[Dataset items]

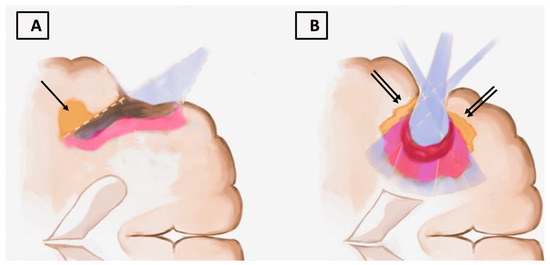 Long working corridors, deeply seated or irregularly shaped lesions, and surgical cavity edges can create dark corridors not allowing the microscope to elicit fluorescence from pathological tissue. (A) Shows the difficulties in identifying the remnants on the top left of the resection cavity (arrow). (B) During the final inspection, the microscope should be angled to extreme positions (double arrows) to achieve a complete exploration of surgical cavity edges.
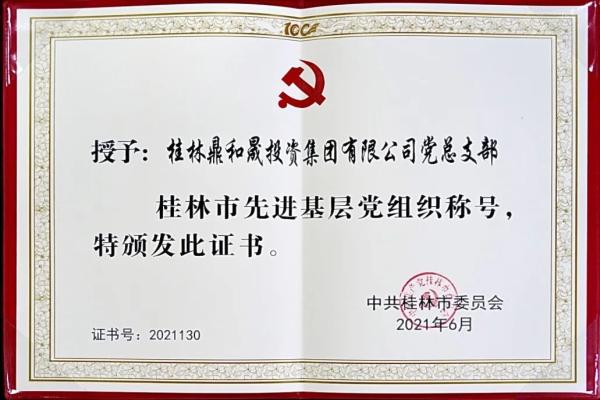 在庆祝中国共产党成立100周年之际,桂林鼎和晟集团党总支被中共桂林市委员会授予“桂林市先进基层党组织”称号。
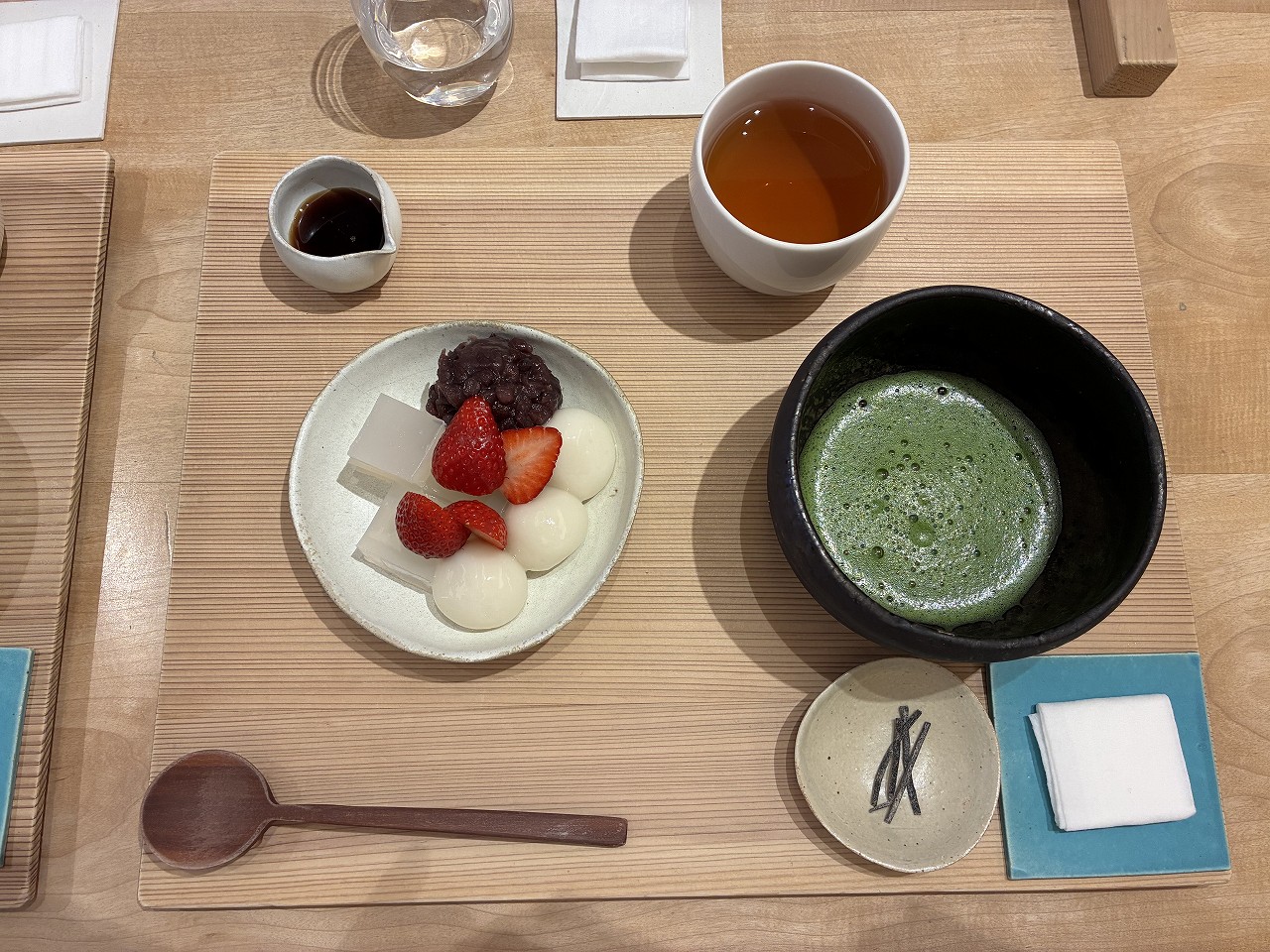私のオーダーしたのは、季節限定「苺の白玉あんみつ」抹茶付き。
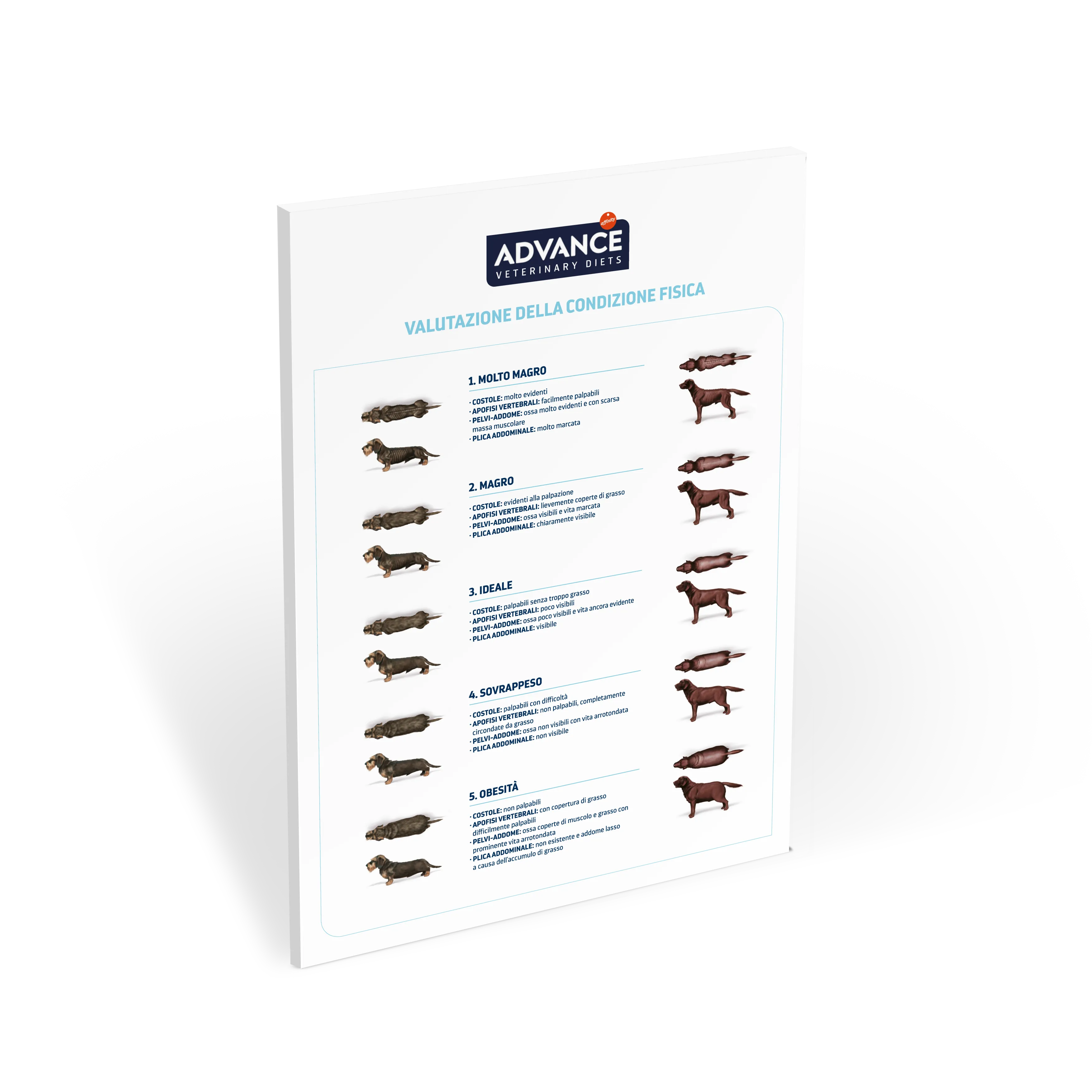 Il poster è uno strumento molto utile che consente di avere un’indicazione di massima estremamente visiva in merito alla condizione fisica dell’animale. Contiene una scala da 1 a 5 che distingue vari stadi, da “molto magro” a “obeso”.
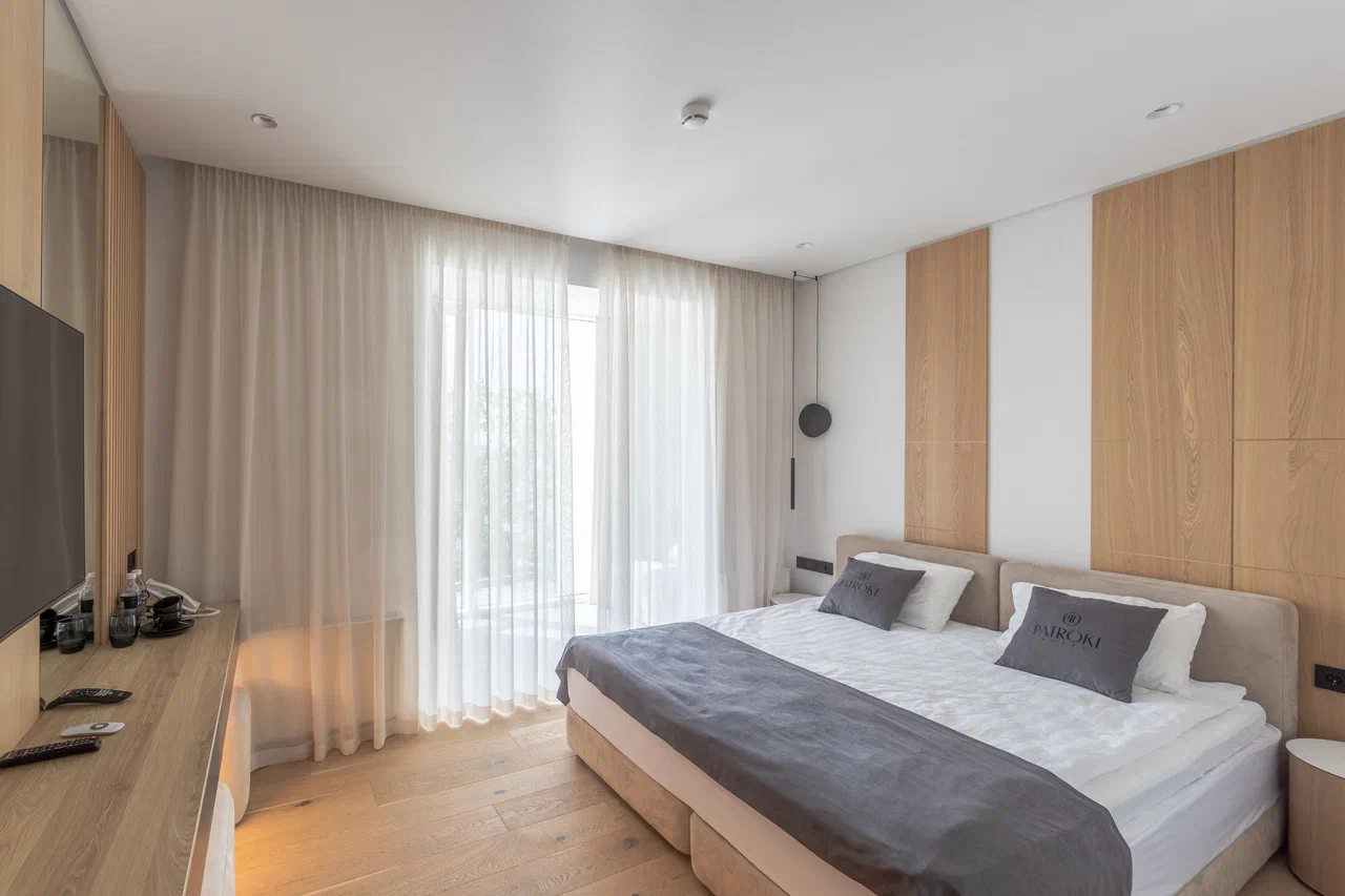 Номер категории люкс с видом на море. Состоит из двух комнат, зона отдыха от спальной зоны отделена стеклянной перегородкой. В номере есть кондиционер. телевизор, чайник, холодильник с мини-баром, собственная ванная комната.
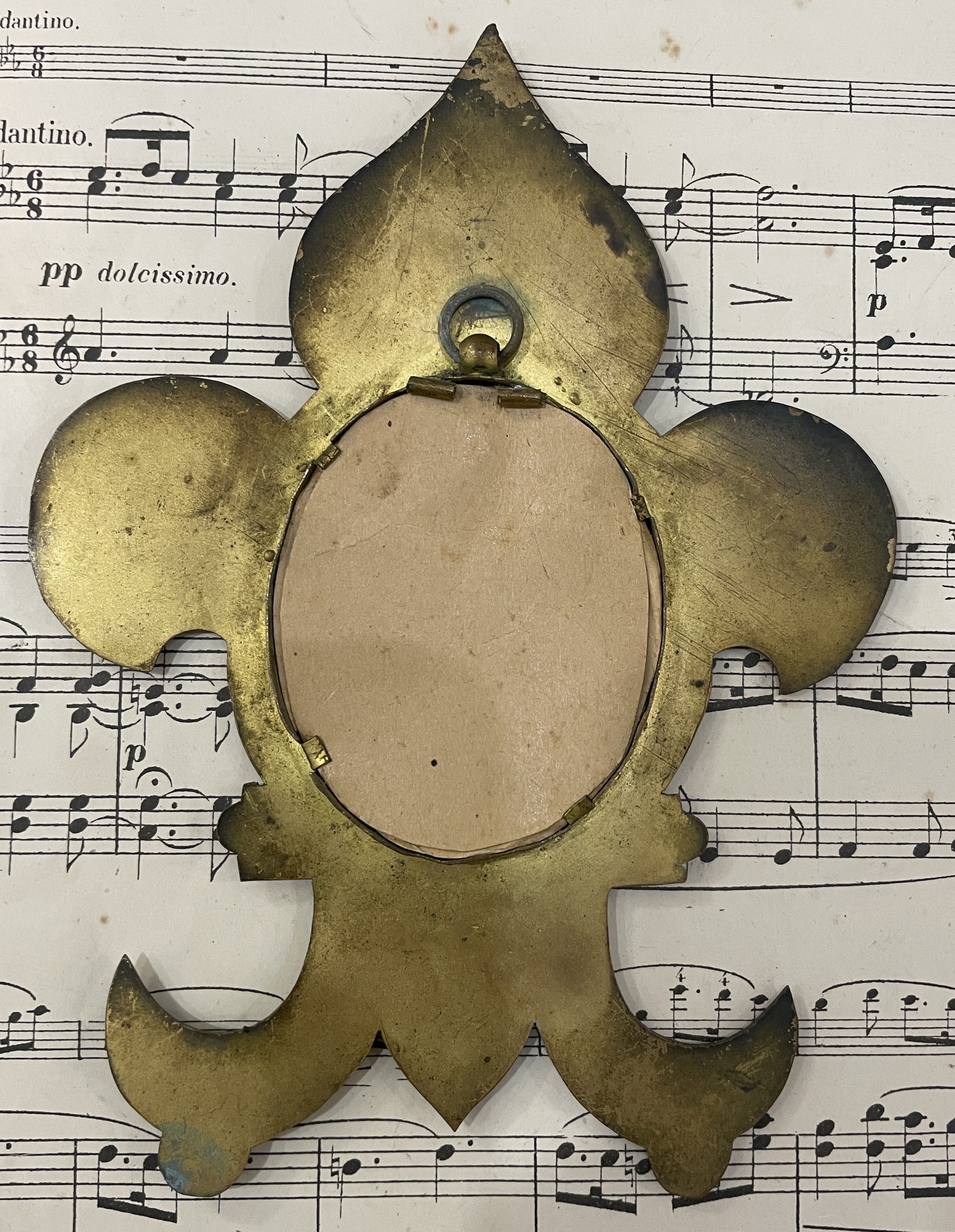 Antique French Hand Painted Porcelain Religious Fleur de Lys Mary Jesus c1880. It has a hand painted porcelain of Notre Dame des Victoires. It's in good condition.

* _Problem description_
Copy out each line of the data exactly as it reads; skip the pictures.

* _Exercise solution_
 Long working corridors, deeply seated or irregularly shaped lesions, and surgical cavity edges can create dark corridors not allowing the microscope to elicit fluorescence from pathological tissue. (A) Shows the difficulties in identifying the remnants on the top left of the resection cavity (arrow). (B) During the final inspection, the microscope should be angled to extreme positions (double arrows) to achieve a complete exploration of surgical cavity edges.
 在庆祝中国共产党成立100周年之际,桂林鼎和晟集团党总支被中共桂林市委员会授予“桂林市先进基层党组织”称号。
私のオーダーしたのは、季節限定「苺の白玉あんみつ」抹茶付き。
 Il poster è uno strumento molto utile che consente di avere un’indicazione di massima estremamente visiva in merito alla condizione fisica dell’animale. Contiene una scala da 1 a 5 che distingue vari stadi, da “molto magro” a “obeso”.
 Номер категории люкс с видом на море. Состоит из двух комнат, зона отдыха от спальной зоны отделена стеклянной перегородкой. В номере есть кондиционер. телевизор, чайник, холодильник с мини-баром, собственная ванная комната.
 Antique French Hand Painted Porcelain Religious Fleur de Lys Mary Jesus c1880. It has a hand painted porcelain of Notre Dame des Victoires. It's in good condition.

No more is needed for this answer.